By recent singer-turned-director standards, Villazón’s Werther is by no means a shameful piece of work, although he was badly let down by his designers (or by their budget). François Séguin’s flimsy sets and Thibault Vancraenenbroek’s garishly colour-coded period-ish costumes evoked none of the subtle poetry of Massenet’s score, which was ably if not entirely idiomatically conducted by Leopold Hager. Villazón’s early career as a member of Daniel Barenboim’s Deutsche Staatsoper in Berlin was evidenced in a couple of jarring Regietheater tics. Although he played the action more-or-less straight, he couldn’t resist introducing a quartet of clowns who, like the Harlequinade in Ariadne auf Naxos, were almost omnipresent and rarely welcome. Coincidentally, it seemed, they sang the roles of Johann (Nabil Suliman), Schmidt (Jean-Paul Fouchécourt), Kätchen (Marie-Laure Cloarec) and Bruhlmann (Gregory Escolin). Werther and Charlotte were saddled with child-doppelgängers—yes, that old 1980s chestnut—neither of whom added much to the action.

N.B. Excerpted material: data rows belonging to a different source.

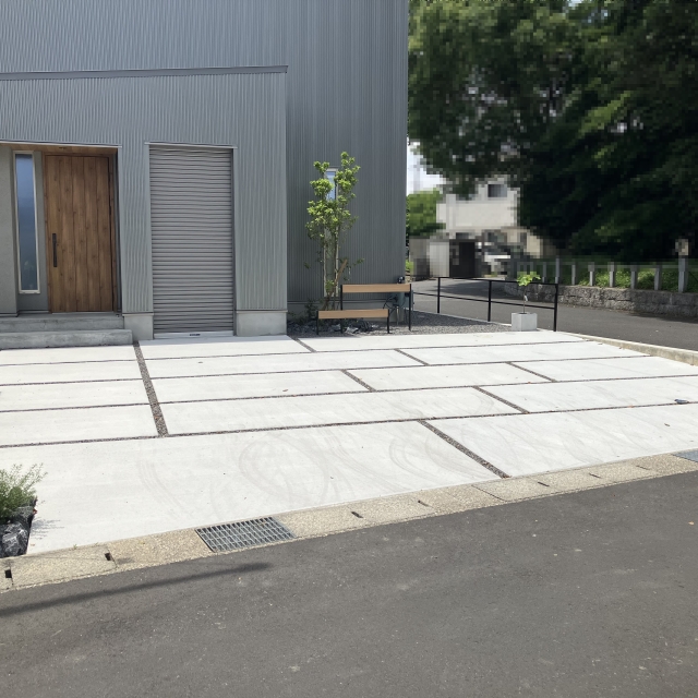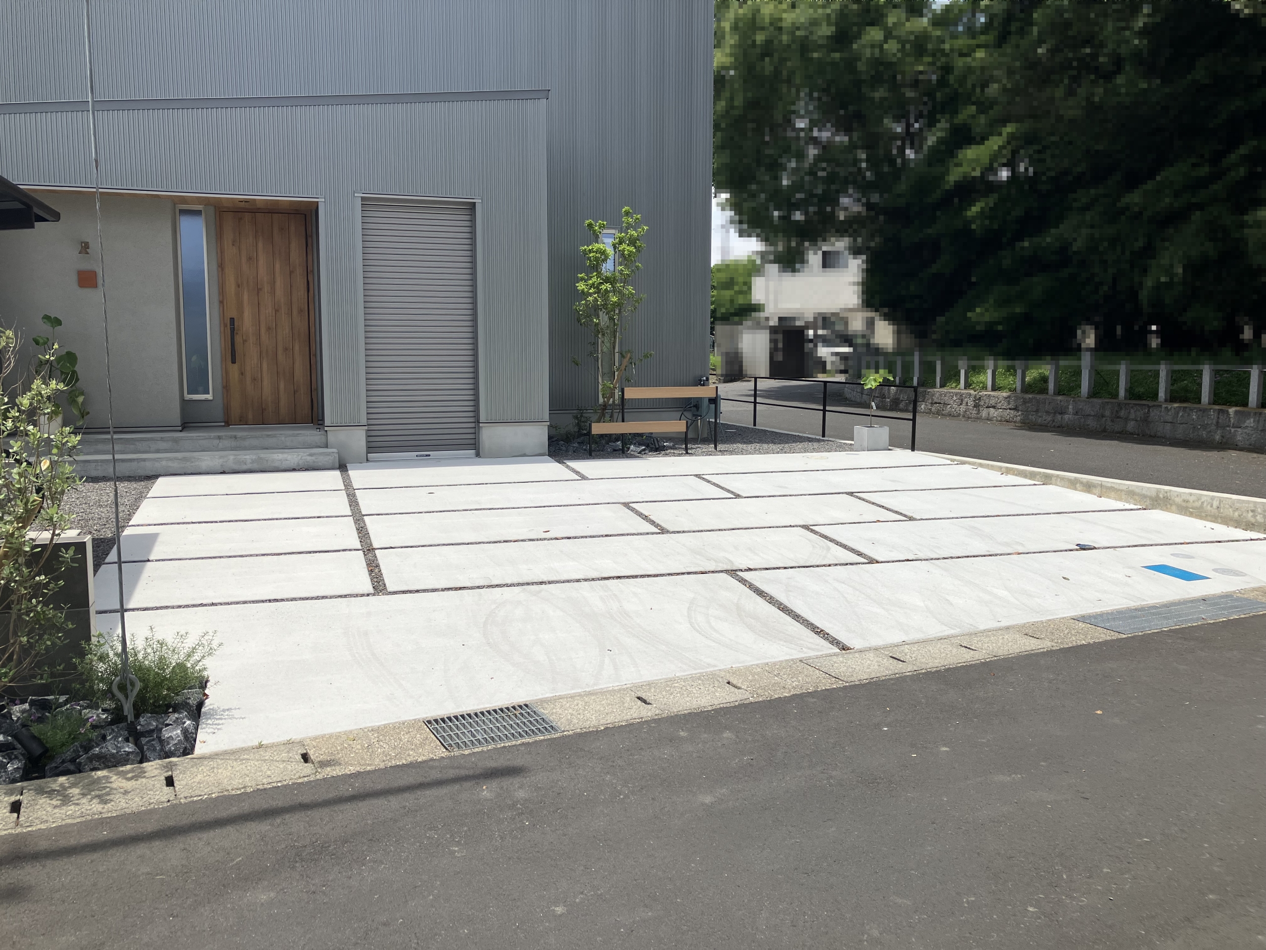 駐車スペースを全て土間にしていることで、アプローチが表現しにくいですが今回は車の駐車スペースとアプローチのスリットの入れ方を変えているので、やんわりとですがアプローチを表現しています!スリットは駐車のための目印にもなりますが、アプローチとの区別化や印象をガラッと変えることのできるので、外構をする際にポイントとなる1つです!
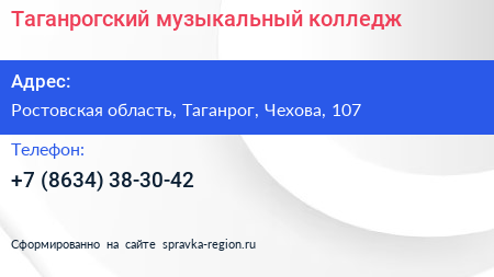 Таганрогский музыкальный колледж по адресу Ростовская область, Таганрог, Чехова, 107 в дальнейшем Организация, размещена в следующих категориях:
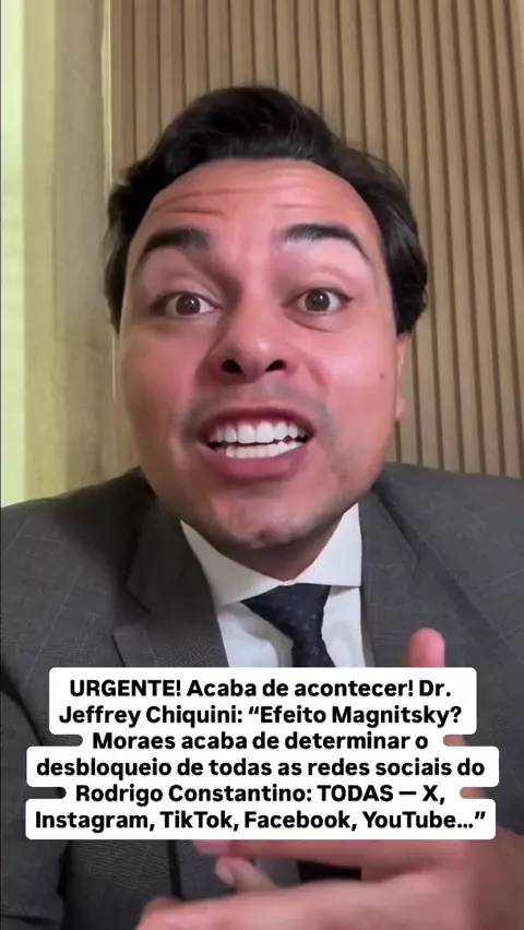 URGENTE! Acaba de acontecer! Dr. Jeffrey Chiquini: “Efeito Magnitsky? Moraes acaba de determinar o desbloqueio de todas as redes sociais do Rodrigo Constantino: TODAS - X, Instagram, TikTok, Facebook, YouTube...”
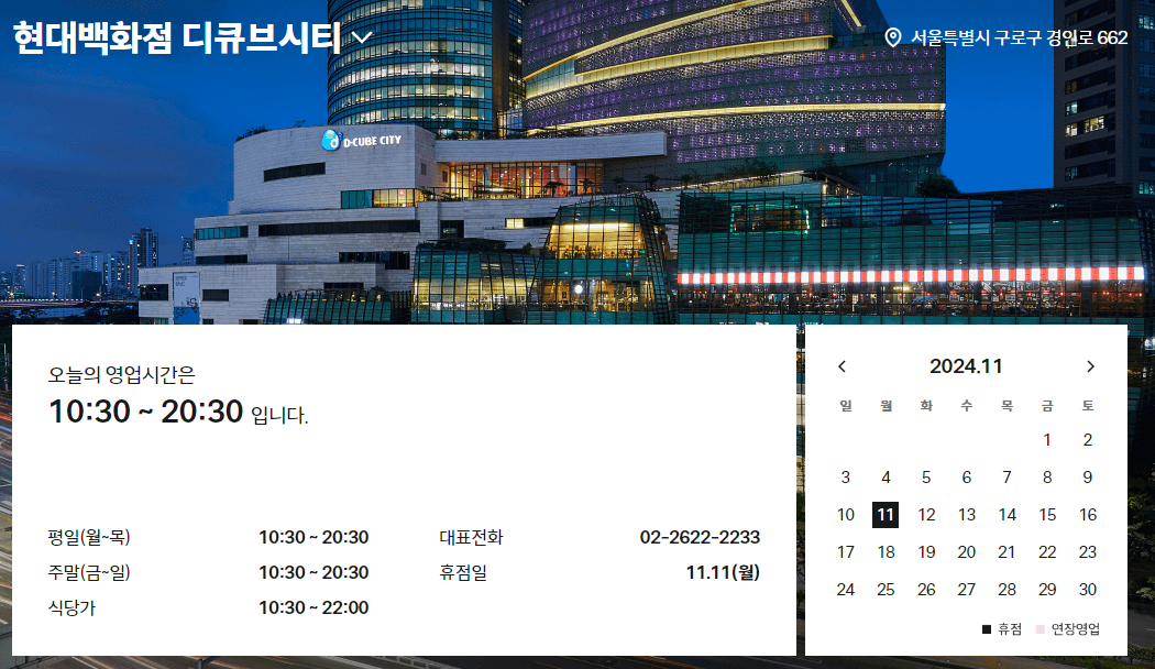 - 주소: 서울특별시 구로구 경인로 662, 현대백화점 디큐브시티

At least Villazón (with help from his assistant, Didier Kersten) was able to draw plausible dramatic performances. Arturo Chacón-Cruz, Villazón’s younger compatriot and another Domingo protégé, lacks the confidence Villazón displayed in his debut as Werther six years ago. Under pressure his intonation suffered, and he sounded tired towards the end, but the basic sound of his tenor—lighter, brighter than Villazón’s—is hugely appealing: plangent, Italianate, impassioned. He was at a slight disadvantage among an all-francophone supporting cast, who sang with clarity and verve: a rare pleasure indeed. They included Karine Deshayes’s idiomatic, light-voiced Charlotte, Anne-Catherine Gillet’s skittish Sophie and Alain Vernhes’s classic Bailli (which he sings at the ROH in May). If only there were a young, native French-speaking Werther to match them.